Tuesday, November 27, 2018

some Spring API notes

  1. Annotations in Spring are the bits of markup with a leading at symbol, kinda like decorators in TypeScript.
  2. Spring started out as an IoC container.
  3. Enterprise JavaBeans in Java are not needed for Spring and typically one does Spring without them. The EJBs are heavier, clunkier, other architecture.
  4. POJO stands for Plain Old Java Object.
  5. A template method pattern is the basic theme of an architecture implementation, defining the basic behavior of an application at a high level.
  6. You have to use Maven or Gradle to download Spring stuff.
  7. Java Database Connectivity (JDBC) is an inferior approach to Spring.
  8. Spring MVC is a web framework and Spring Data is for access to the database.
  9. @ResponseBody is for converting a message into an HTML response. If a @Controller is changed into a @RestController you do not explicitly need the @ResponseBody syntax.
  10. We need a mapping inside of a controller to map a route to a URL. Mappings have a distinction between @GetMapping and @PostMapping for example.
  11. The pom.xml file (POM being Project Object Model) is the base configuration file in a Maven project.

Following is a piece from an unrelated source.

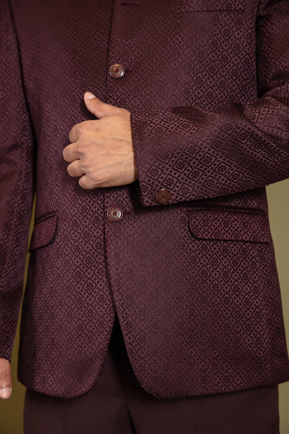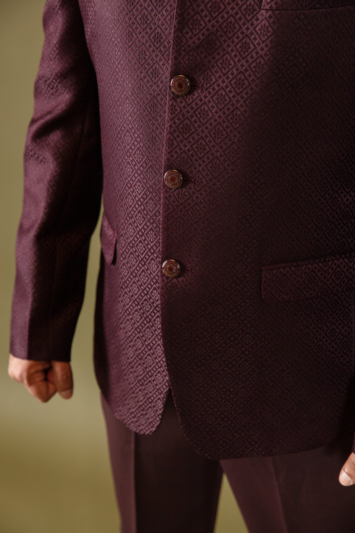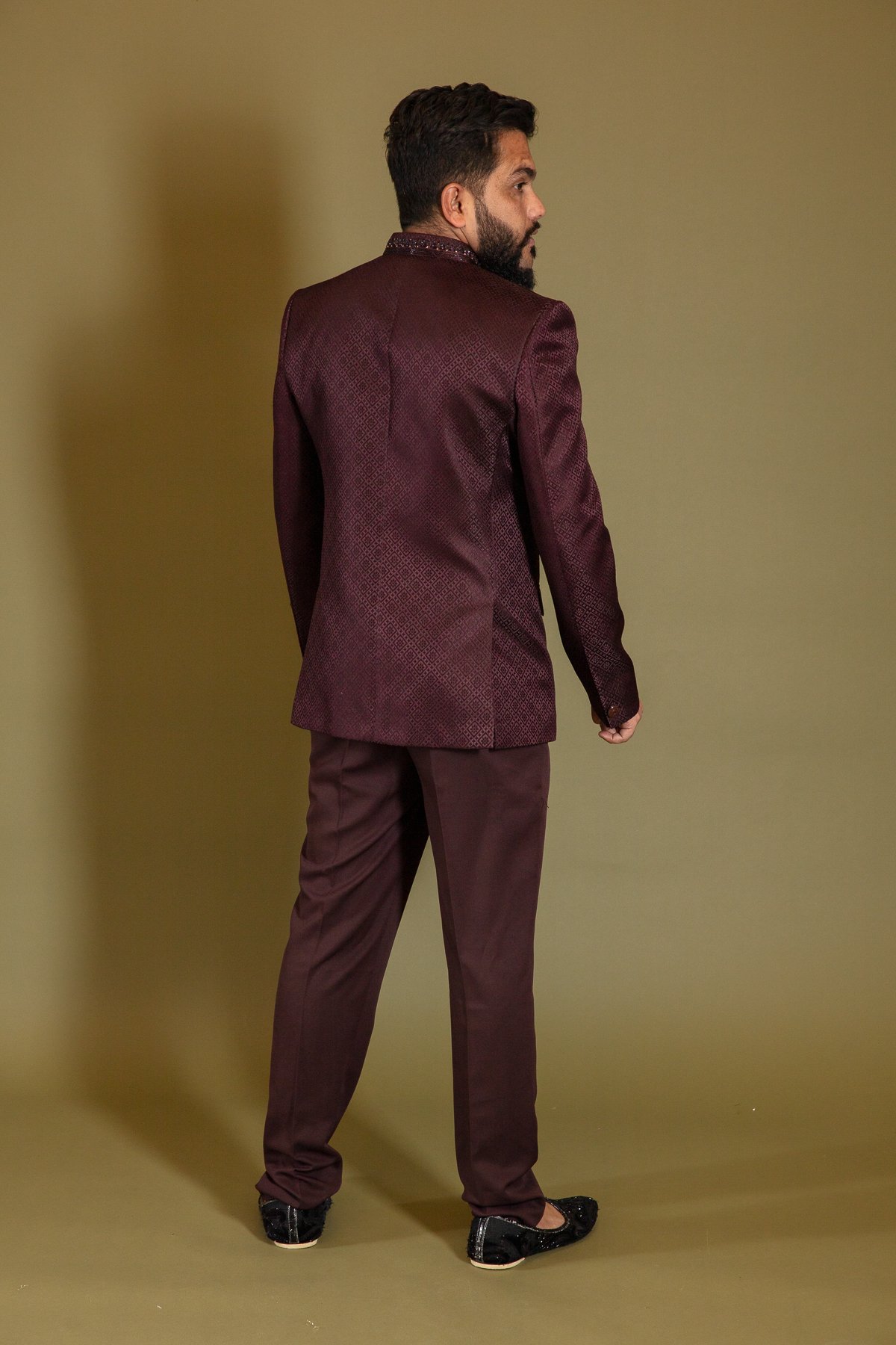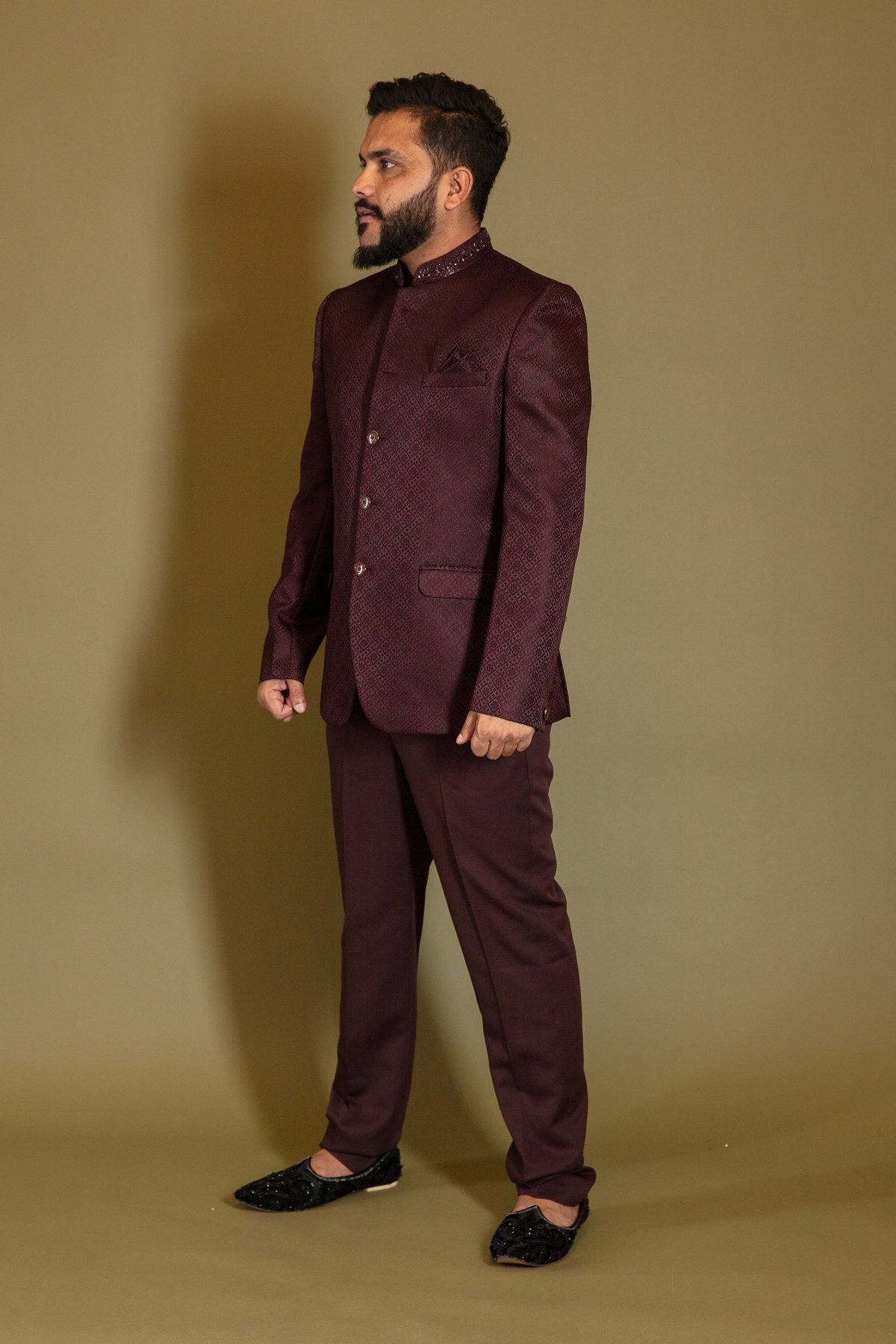 This beautiful men’s sherwani features a nehru coat designed with durability in mind, Printed patterns through out features long sleeves with a mandarin embroidered collar and button fastenings along the middle. An easy care garment that requires very little maintenance. It has been designed with plenty of functionality, jetted pockets with flaps. The look is finished with tailored trousers.

  12. A @PathVariable extends a URL/mapping to allow for an id to be handed in for a Get or a Delete as the last bit of a route. If you need a more specific variable with a name in the stuff after the question mark in a URL you may use a @RequestParm for such.
  13. @ExceptionHandler can return an error message.
  14. JUnit is the defaut testing framework. Spring Boot, AssertJ, and Hamcrest (anagram of matchers) are rivals. JSONPath is for walking what is in a JSON object and Mockito is for mocking.
  15. HatEoAS uses JSON with URL links in it. The Richardson Maturity Model (named for a Leonard Richardson) has HatEoAS as the best way to go, better than just REST which is in turn better than just services, not-quite-REST without concern for the HTTP (hypertext transfer protocol) verbs, which is in turn yet better than the swamp of POX (Plain Old XML).